¹⁰ This also applies to the Tragedy of the Commons Game: when Agents cannot recall any cases, they make the same decision by model design. When Agents can recall only one case in which they either cooperated or defected, they all recall the same case, and therefore they all make the same decision. Finally, when Agents can recall one case for each possible decision, those cases necessarily show a situation in which all of them cooperated or all of them defected. When given universal cooperation and universal defection as the only two possible options, they all cooperate.

¹¹ This effect is explained in detail by Izquierdo et al. (2003).

¹² If the Aspiration Threshold does not exceed Sucker, Agents repeat the same decision that they made at random the first time they visited a certain state of the world whenever they visit the same state again.

¹³ Or, conversely, some cycles comprise fewer different states of the world than others.

¹⁴ Except, again, for the trivial case where AT ≤ S, in which the average cooperation rate is always 25%.
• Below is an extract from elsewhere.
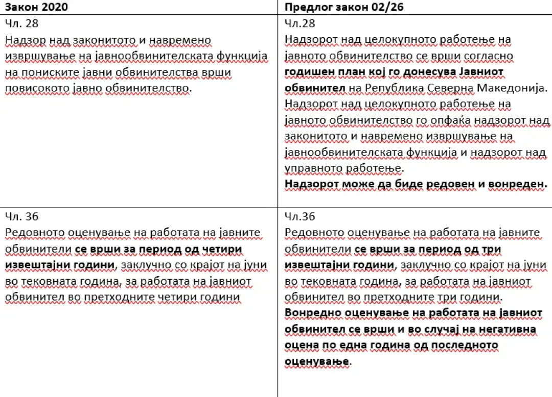 Оценувањето на обвинителите, пак, наместо на четири, ќе се врши на три години. Обвинителот кој за својата работа ќе добие негативна оценка, по една година повторно, вонредно, ќе биде оценуван.

¹⁵ Recall that our Agents know only whether they cooperated or defected, and how many others defected. In the TC game, the information provided to the Agents is thus not complete in the sense that they cannot identify who is defecting, as they could in the PD (since there was only one other player).

¹⁶ When the game is played by 25 Agents, average reward rates are greater than 80% if M ≥ 15 and greater than 99% if M ≥ 19, for any Aspiration Threshold.

¹⁷ Except in the case of minimally effective cooperation in the “Tragedy of the Commons” game.

¹⁸ A slightly more restrictive concept is that of an undominated outcome, in which no player can be guaranteed the same or a higher payoff by changing their decision. The concept of undominated outcome as equilibrium implies that Agents deviate from an outcome only if it is certain that they will not be worse off by doing so, whereas the strictly undominated concept implies that Agents move away from an outcome only if it is certain that they will be better off by doing so. The concept of undominated outcome as equilibrium is neither weaker nor stronger than the Nash equilibrium.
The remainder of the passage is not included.